The National Labor Relations Board reversed its recent decision establishing direct control as the standard for joint-employer status, much to the frustration of the U.S. hotel industry.
REPORT FROM THE U.S.—The U.S. hotel industry celebrated a National Labor Relations Board ruling on joint-employer status in December 2017 that was more favorable to employers. But when a conflict of interest issue regarding a board member caused the NLRB to reverse that ruling earlier this week, hoteliers went back into wait-and-see mode.
Hotel industry sources say they hope the reversal, which takes the joint-employer standard back to what it was under the Obama administration, is only temporary and that a new case will have the same result as the one in December.
The NLRB’s December decision overruled the 2015 Browning-Ferris case, which set the standard that indirect control was enough to establish joint-employer status. The ruling in December—on a case brought by Hy-Brand Industrial—set the standard that one company must establish direct control over another for there to be joint-employer status.

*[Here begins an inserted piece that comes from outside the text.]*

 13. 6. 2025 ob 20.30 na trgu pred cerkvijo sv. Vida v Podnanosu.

However, the NRLB announced 26 February one of its board members should have recused himself from the Hy-Brand Industrial decision because of his past employment at a law firm involved in the Browning-Ferris case, which was before his appointment to the board.

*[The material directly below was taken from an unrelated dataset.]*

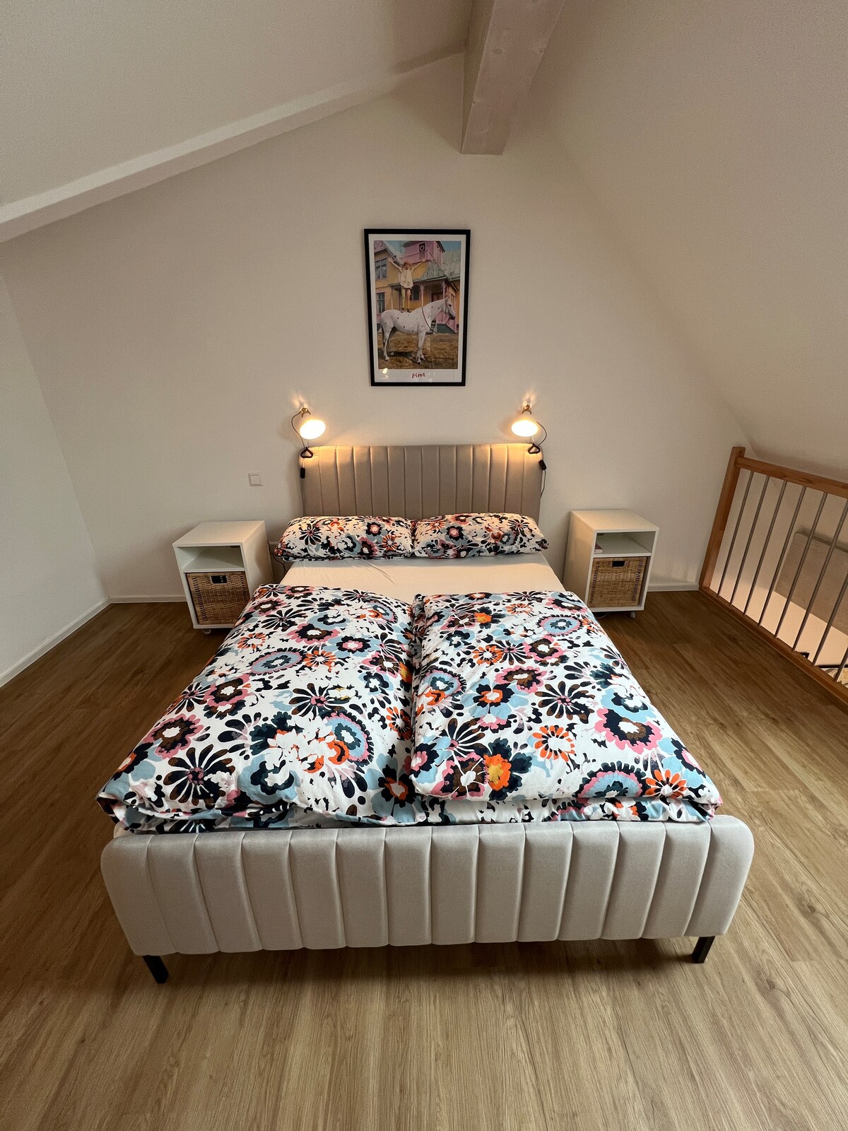 The sleeping area in your apartment is also a real highlight and will be more than just a place to sleep for you. Here you will find a large cozy box spring bed, so you can start the day at Topfit. If you want to stay there with your favorite, that's of course not a problem. Plenty of blankets and pillows are also available.

“Because we vacate the board’s earlier decision and order, the overruling of the Browning-Ferris decision is of no force or effect,” the board wrote in its decision, meaning the Hy-Brand Industrial decision is “vacated and set aside for the purpose of further proceedings before the board.”

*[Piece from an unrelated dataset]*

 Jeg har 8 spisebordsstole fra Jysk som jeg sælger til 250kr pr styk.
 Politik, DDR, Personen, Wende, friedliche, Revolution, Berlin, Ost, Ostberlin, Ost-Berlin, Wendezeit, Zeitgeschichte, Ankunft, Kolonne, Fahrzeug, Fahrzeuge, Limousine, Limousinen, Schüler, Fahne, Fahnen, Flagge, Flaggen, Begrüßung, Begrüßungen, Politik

The American Hotel & Lodging Association did not release a statement regarding this decision, referring all questions to the Coalition to Save Local Businesses. As of press time, the Coalition to Save Local Businesses has not released a statement or responded to inquiries from Hotel News Now.
In a statement from the Asian American Owners Association, President and CEO Chip Rogers said: “The NLRB’s decision to revert to the unclear Browning-Ferris joint employer standard represents an appalling return to the uncertainty that stagnated job growth in franchised hotels and is yet another reminder of the job-killing effect of arbitrary regulatory overreach. AAHOA calls on the Senate to take up H.R. 3441, the Save Local Business Act, that will cement the historical definition of joint employer into statute and return certainty and stability to the franchise industry.”
What the reversal means
There’s strong hope in the business community that the NLRB’s reversal on Hy-Brand Industrial will be temporary, said Andria Ryan, partner at Fisher & Phillips. It’s possible the board member could be cleared of the conflict of interest, she said, as the member has stated he was not involved in the Browning-Ferris case at the law firm. The U.S. Senate also is scheduled to vote 7 March on a NLRB appointee put forth by President Donald Trump, so it’s likely only make it a matter of time before the board votes on another joint-employment status case, she said.
“There are probably several (cases) waiting to be accepted,” she said.
Until then, the indirect control standard set under the Browning-Ferris case is the law, under which companies wrote new contracts as well as reassessed and rewrote agreements already in place to avoid being considered joint employers, Ryan said.
The hotel industry is pretty well educated about the rules under Browning-Ferris, she said, and it’s likely most employers haven’t had enough time since December to make many changes that would put them in danger of being considered joint employers.
For the time being, she said, the industry should just hold tight and revert to what they likely already had in place under Browning-Ferris until the NLRB “loosens the reins again.”